Thereafter, Long moved, inter alia, to amend his answer to include the affirmative defense. In opposition, the plaintiff offered proof that it had been reinstated to active corporate status by the Department of State pursuant to Tax Law § 203-a (7), and, therefore, the plaintiff’s capacity to sue had been restored nunc pro tunc. The court denied Long’s motion. We affirm the order insofar as appealed from.

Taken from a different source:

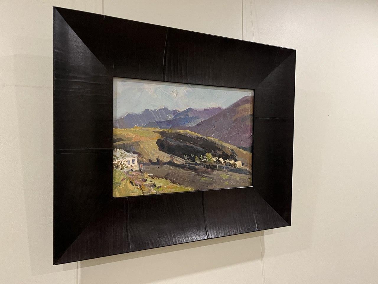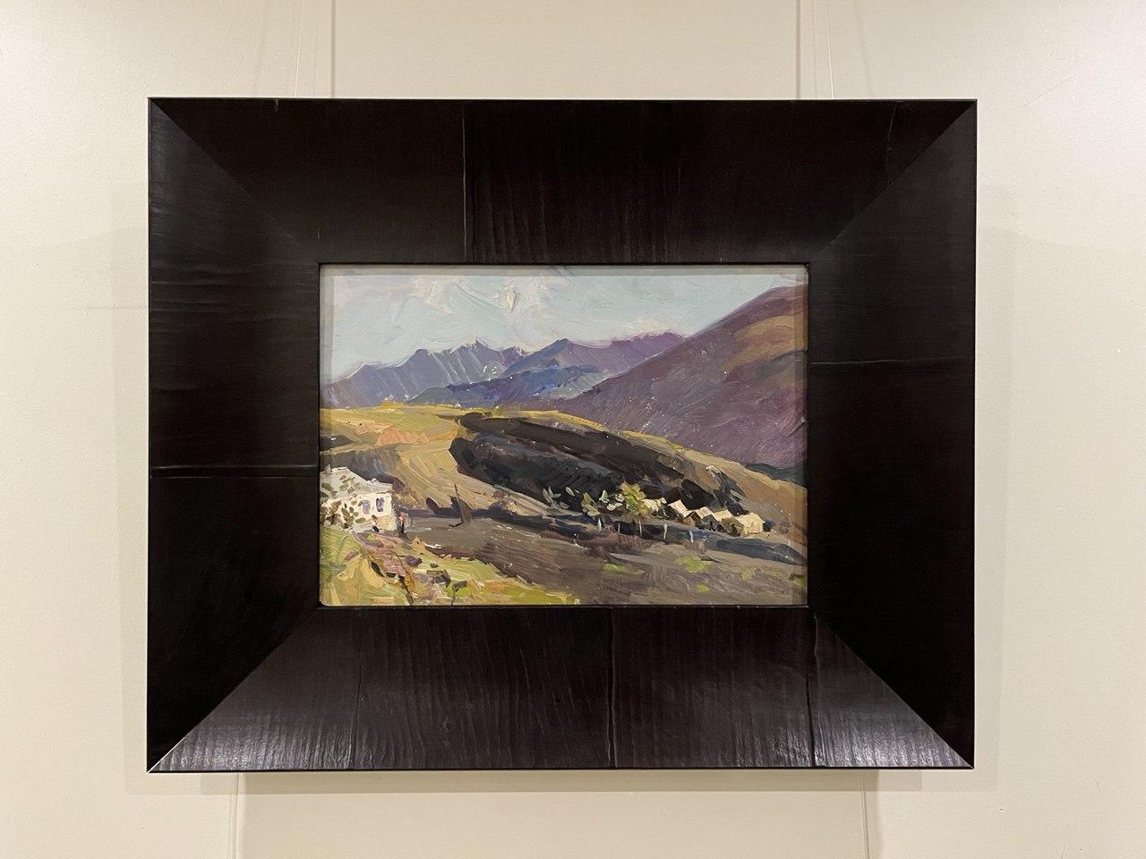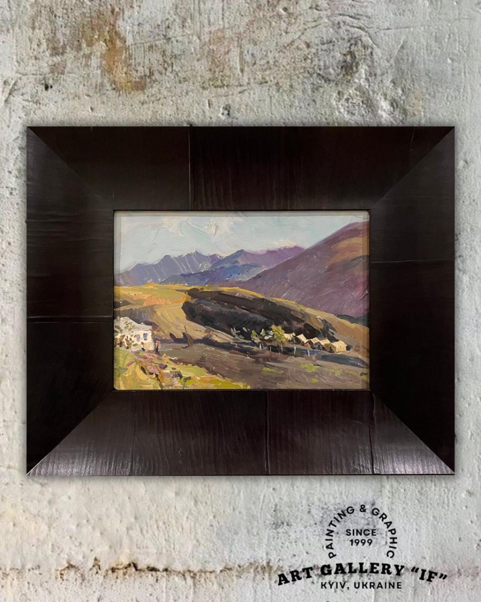 Більш розгорнута композиція з гірським рельєфом і невеликими будинками, що губляться в долині. Контраст теплих охристих тонів землі та холодних фіолетово-синіх гір надає роботі глибини й драматургії. Етюд виглядає завершеним і самодостатнім, попри камерний формат.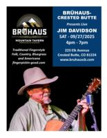 Jim Davidson returns to the Bruhaus patio in Crested Butte, CO from 4pm to 7pm. Click here for the event website |

Tax Law § 203-a provides in relevant part that the Department of State may issue a proclamation which dissolves a corporation on the basis of its failure to pay tax assessments (Tax Law § 203-a [1]). In order to be restored to active corporate status, the corporation must pay all delinquent taxes, interest, and penalties (Tax Law § 203-a [7]). The statute specifically states that such payment will have the “effect of annulling all of the proceedings theretofore taken for the dissolution” of the corporation, and that the corporation “shall thereupon have such corporate powers, rights, duties and obligations as it had on the date of the publication of the proclamation, with the same force and effect as if such proclamation had not been made or published” (Tax Law § 203-a [7]). In interpreting this language, the courts have held that corporate transactions which occurred during a period of dissolution are retroactively validated because the corporation’s status, and its corresponding powers, rights, duties, and obligations, have been reinstated nunc pro tunc (see, Estate of Nasser v Port Auth., 155 AD2d 250, 251; see also, Lorisa Capital Corp. v Gallo, 119 AD2d 99, 113). The ability to sue is among those rights to which a corporation with active status may avail itself. In the present case, therefore, pursuant to the express language of the statute, upon the reinstatement of the plaintiff’s active corporate status, its action against Long was retroactively validated. *756Under the circumstances, the Supreme Court did not improvidently exercise its discretion by denying Long’s motion to amend his answer, since the affirmative defense he sought to include was without merit (see, Karma Equities v Gucciardo, 210 AD2d 456; see also, Nasuf Constr. Corp. v State of New York, 185 AD2d 305, 306).

Long’s remaining contentions are either unpreserved for appellate review or without merit. Thompson, J. P., Krausman, Goldstein and Luciano, JJ., concur.